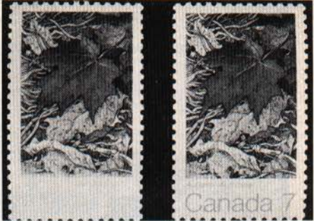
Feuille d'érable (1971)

...

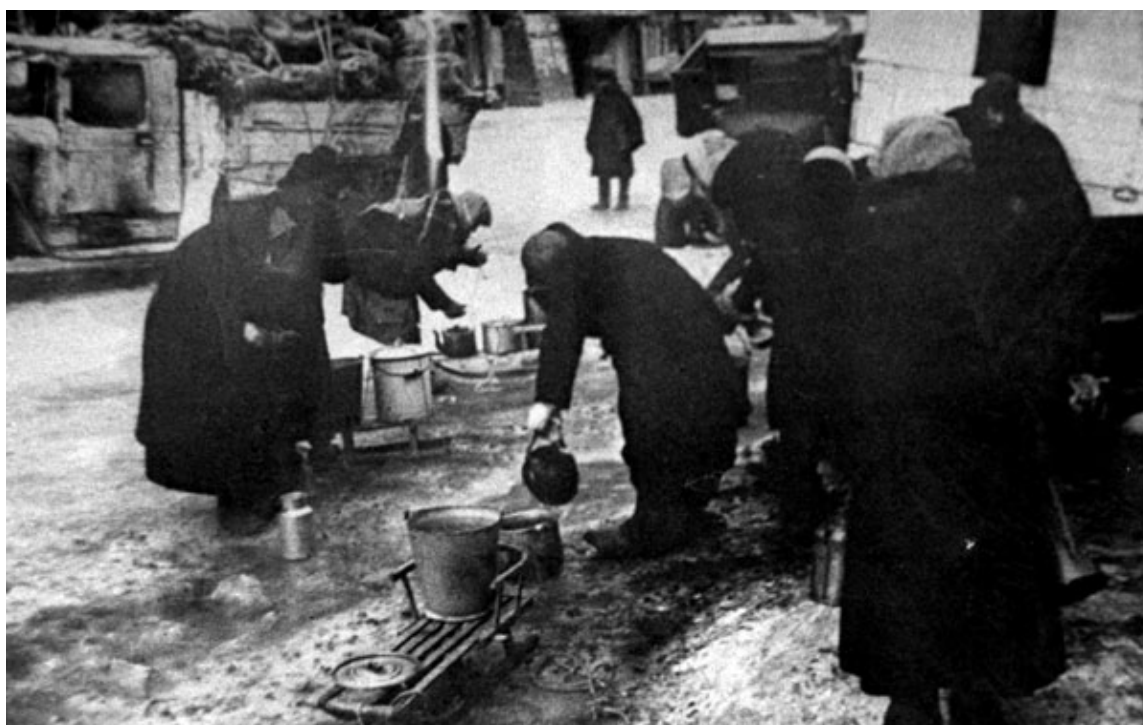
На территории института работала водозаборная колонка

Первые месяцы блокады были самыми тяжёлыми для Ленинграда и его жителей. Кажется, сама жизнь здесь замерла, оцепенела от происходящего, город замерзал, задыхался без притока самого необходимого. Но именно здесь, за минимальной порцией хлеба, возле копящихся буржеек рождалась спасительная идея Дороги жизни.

TASK BRIEF: Of the lines above, output exactly those from the line bearing "На территории института" through the line bearing "Первые месяцы блокады", inclusive.

TASK RESPONSE:
На территории института работала водозаборная колонка

Первые месяцы блокады были самыми тяжёлыми для Ленинграда и его жителей. Кажется, сама жизнь здесь замерла, оцепенела от происходящего, город замерзал, задыхался без притока самого необходимого. Но именно здесь, за минимальной порцией хлеба, возле копящихся буржеек рождалась спасительная идея Дороги жизни.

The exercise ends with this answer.